Genetic lesions within the 3a gene of SARS-CoV
© Tan et al; licensee BioMed Central Ltd. 2005
Received: 09 May 2005
Accepted: 20 June 2005
Published: 20 June 2005
A series of frameshift mutations within the 3a gene has been observed in culture-derived severe acute respiratory syndrome coronavirus (SARS-CoV). We report here that viral RNA from clinical samples obtained from SARS-CoV infected patients also contains a heterogeneous population of wild-type and mutant 3a transcripts.

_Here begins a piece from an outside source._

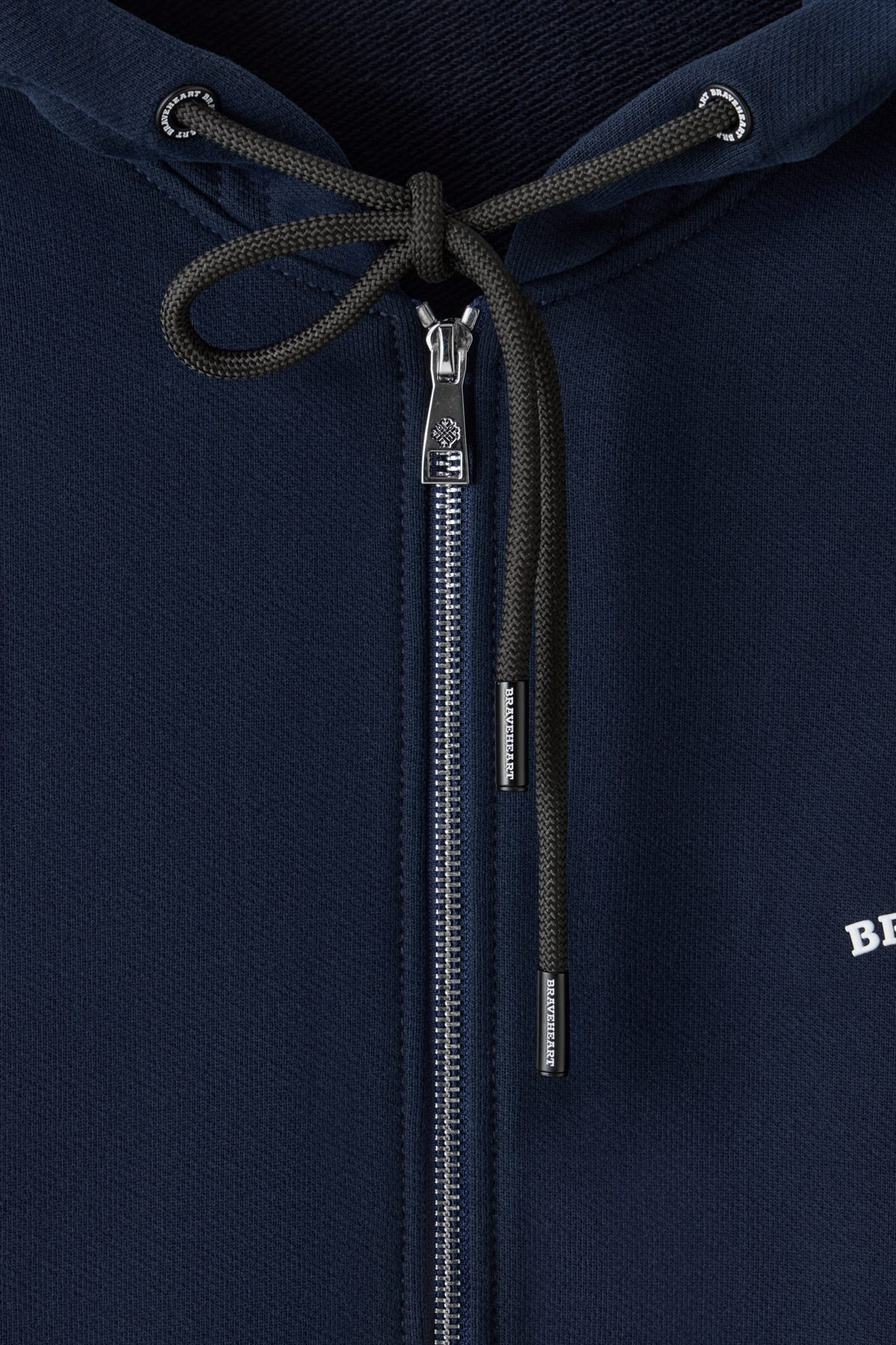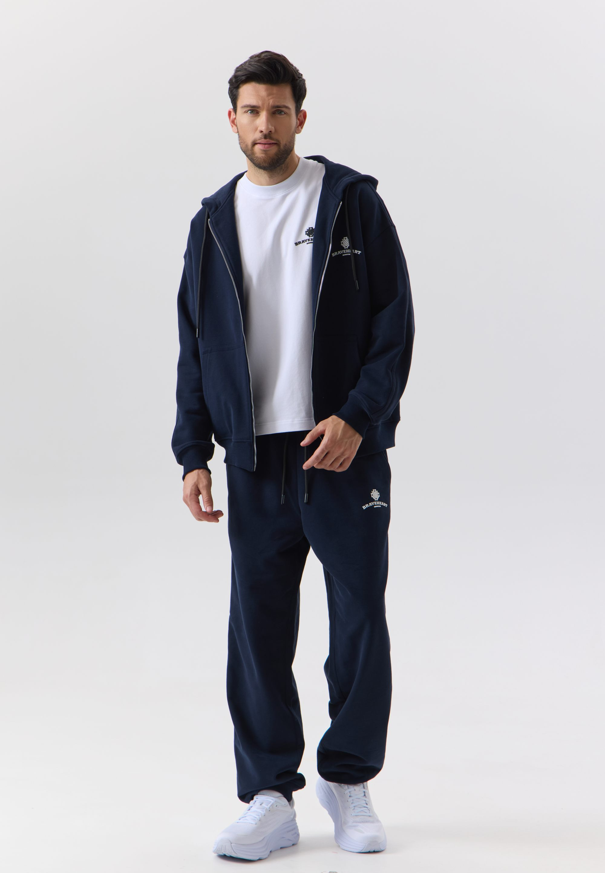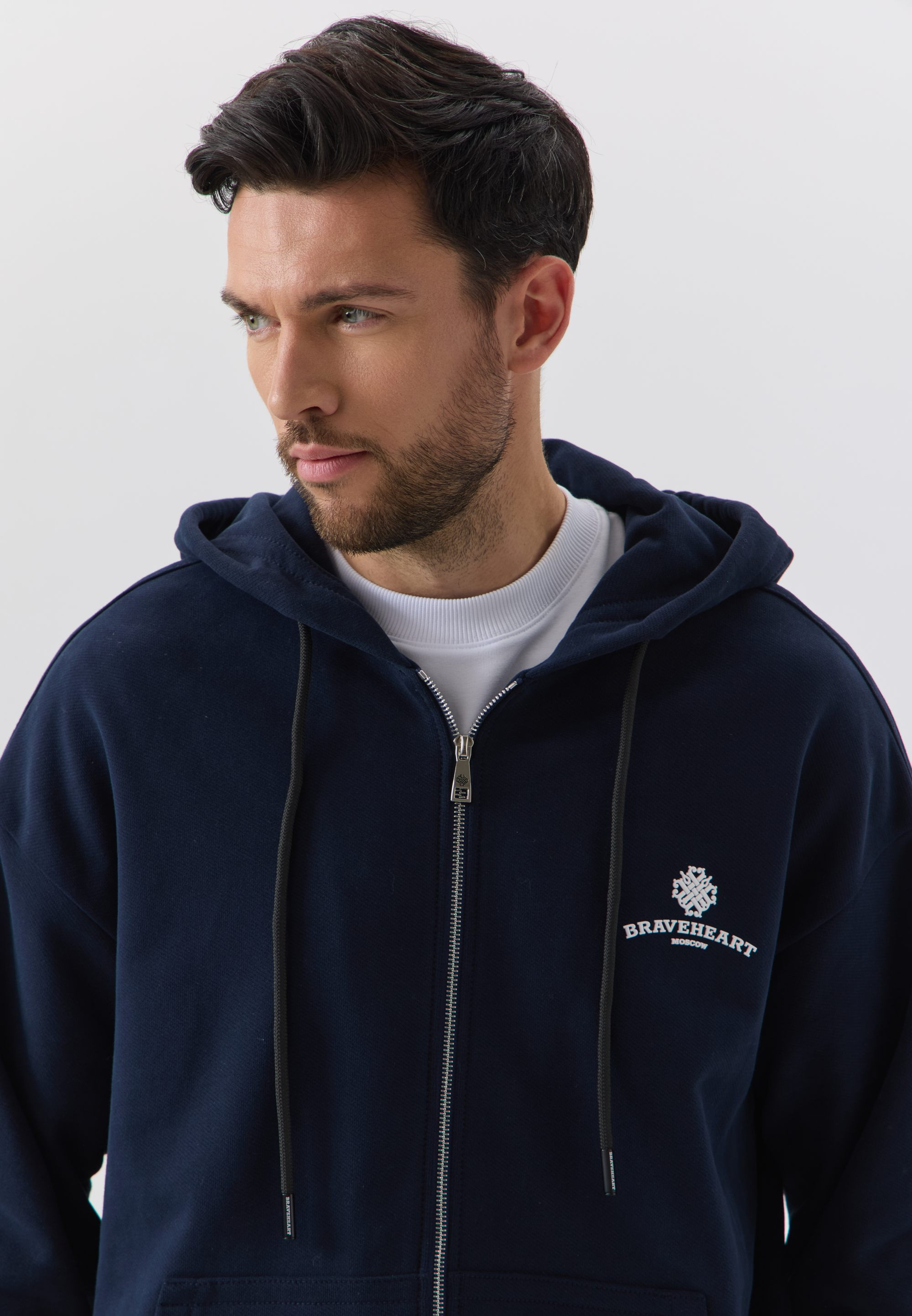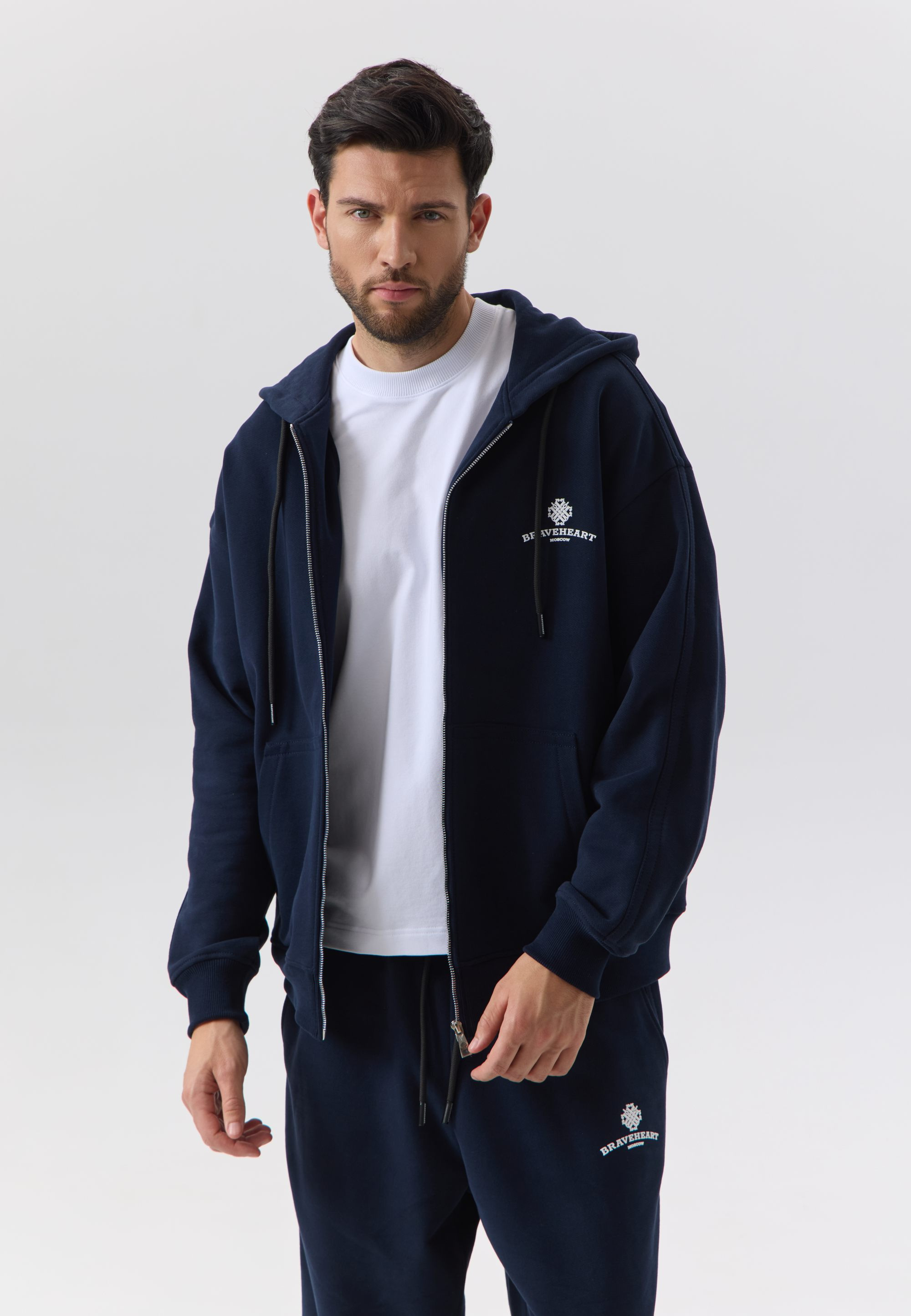 Толстовка оснащена брендированной молнией спереди, что делает её практичной и стильной, а в зоне капюшона предусмотрены брендированные люверсы и шнурки. Карманы и рукава прошиты фирменной широкой строчкой, что обеспечивает прочность и долговечность.
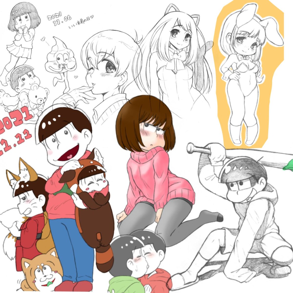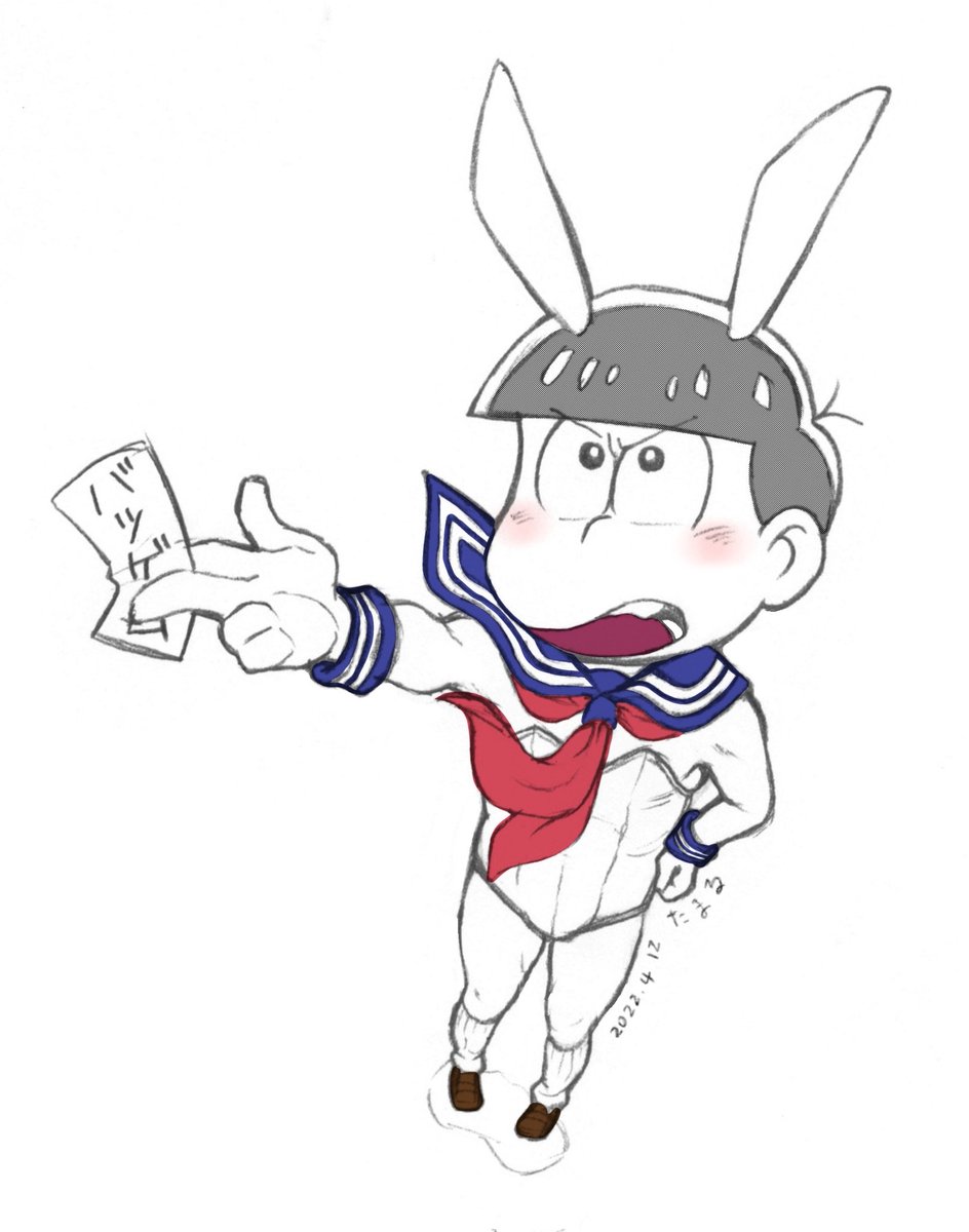 #春のペン松り #春のペン松り2002 昨日のセーラーバニーおそ兄、上から見たのはアオリじゃなくてフカンだよね💦恥ずかしや😳 どうも気になる箇所がたくさんだったので、描きなおしてみました。まだ下腹部から太もも辺りに違和感を感じるけど、ましになった👍はず💦

Numerous isolates of the severe acute respiratory syndrome coronavirus (SARS-CoV) have been completely sequenced [1–4]. In most cases, only synonymous or non-synonymous substitutions have been reported within the major viral genes, which include replicase 1a/1b gene products, spike, membrane, nucleocapsid and envelope [1–4]. On the other hand, large insertions or deletions have been found in the part of viral genome that encodes the SARS-CoV accessory proteins which have no viral homologues. The ORF 8a/8b region appears to be particularly prone to mutations as deletions of up to 415 bp have been observed in some isolates . Although these mutations do not appear to have any adverse effect on the survival of the virus, it is conceivable that these mutations may have effects on viral pathogenesis in vivo, as have been observed for other coronaviruses .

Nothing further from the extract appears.